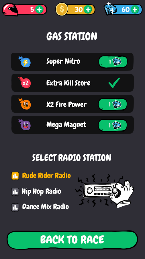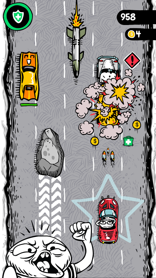 Viber Rude Rider – управляйте бесшабашным водителем, который мчится на огромной скорости по улицам города и взрывает встречные машины. Лавируйте в бесконечном потоке машин и уклоняйтесь от различных преград и препятствий. Обгоняйте встречные машины и соперников и взрывайте их автомобили с помощью пушек и ракет. Не забывайте собирать по пути золотые монетки и кристаллы они пригодятся вам для покупки новых машин и усилений. Применяйте нитро ускоритель и устанавливайте свой рекорд по прохождению трассы. Особенностями игры является оригинальная графика, вид сверху и простое управление.
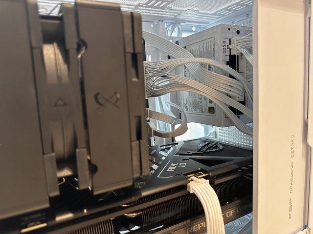 12VHPWR線材也使用少見的純白色線材+接頭,整顆電源白化程度相當高,唯一可惜是電源
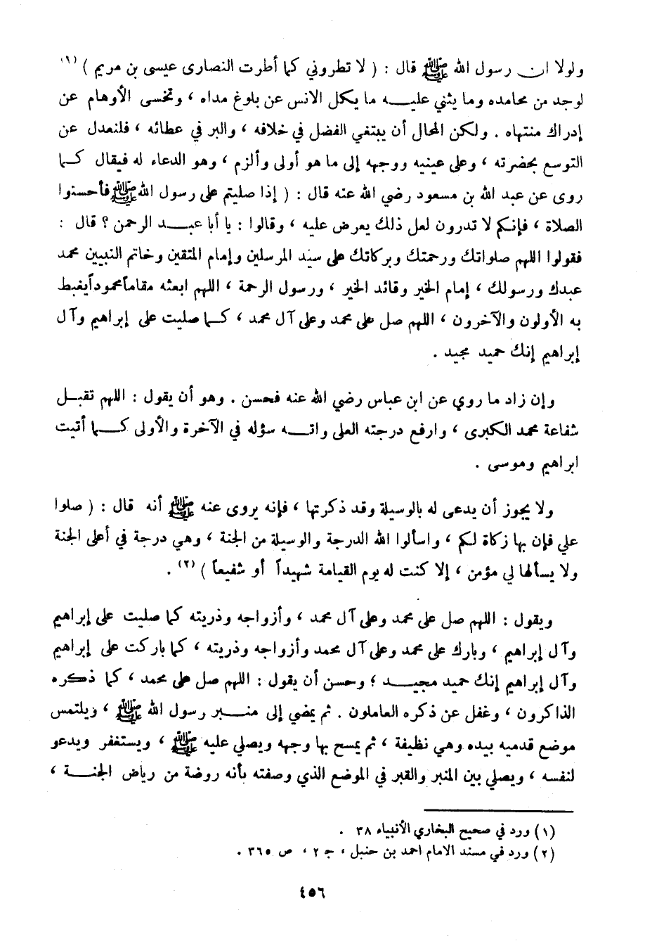 ولولا أن رسول الله صلى الله عليه وسلم قال: (لا تطروني كما أطرت النصارى عيسى بن مريم) لوجد من محامده وما يثني عليه ما يكل الإنس عن بلوغ مداه، وتخسى الأوهام عن إدراك منتهاه. ولكن المحال أن يبتغي الفضل في خلافه، والبر في عطائه، فلنعدل عن التوسع بحضرته، وعلى عينيه ووجهه إلى ما هو أولى وألزم، وهو الدعاء له فيقال كما روي عن عبد الله بن مسعود رضي الله عنه قال: (إذا صليت على رسول الله صلى الله عليه وسلم فأحسنوا الصلاة، فإنكم لا تدرون لعل ذلك يعرض عليه، وقالوا: يا أبا عبد الرحمن؟ قال: فقولوا اللهم صلواتك ورحمتك وبركاته على سيد المرسلين وإمام المتقين وخاتم النبيين محمد عبدك ورسولك، إمام الخير وقائد الخير، ورسول الرحمة، اللهم ابعثه مقامًا محمودًا يغبط به الأولون والآخرون، اللهم صل على محمد وعلى آل محمد، كما صليت على إبراهيم وآل إبراهيم إنك حميد مجيد.

= = = = =

Problem description: Set down word for word each line from the one containing "12VHPWR線材也使用少見" through the end of the material, and keep the pictures out of it.

Solution to this problem:
 12VHPWR線材也使用少見的純白色線材+接頭,整顆電源白化程度相當高,唯一可惜是電源
 ولولا أن رسول الله صلى الله عليه وسلم قال: (لا تطروني كما أطرت النصارى عيسى بن مريم) لوجد من محامده وما يثني عليه ما يكل الإنس عن بلوغ مداه، وتخسى الأوهام عن إدراك منتهاه. ولكن المحال أن يبتغي الفضل في خلافه، والبر في عطائه، فلنعدل عن التوسع بحضرته، وعلى عينيه ووجهه إلى ما هو أولى وألزم، وهو الدعاء له فيقال كما روي عن عبد الله بن مسعود رضي الله عنه قال: (إذا صليت على رسول الله صلى الله عليه وسلم فأحسنوا الصلاة، فإنكم لا تدرون لعل ذلك يعرض عليه، وقالوا: يا أبا عبد الرحمن؟ قال: فقولوا اللهم صلواتك ورحمتك وبركاته على سيد المرسلين وإمام المتقين وخاتم النبيين محمد عبدك ورسولك، إمام الخير وقائد الخير، ورسول الرحمة، اللهم ابعثه مقامًا محمودًا يغبط به الأولون والآخرون، اللهم صل على محمد وعلى آل محمد، كما صليت على إبراهيم وآل إبراهيم إنك حميد مجيد.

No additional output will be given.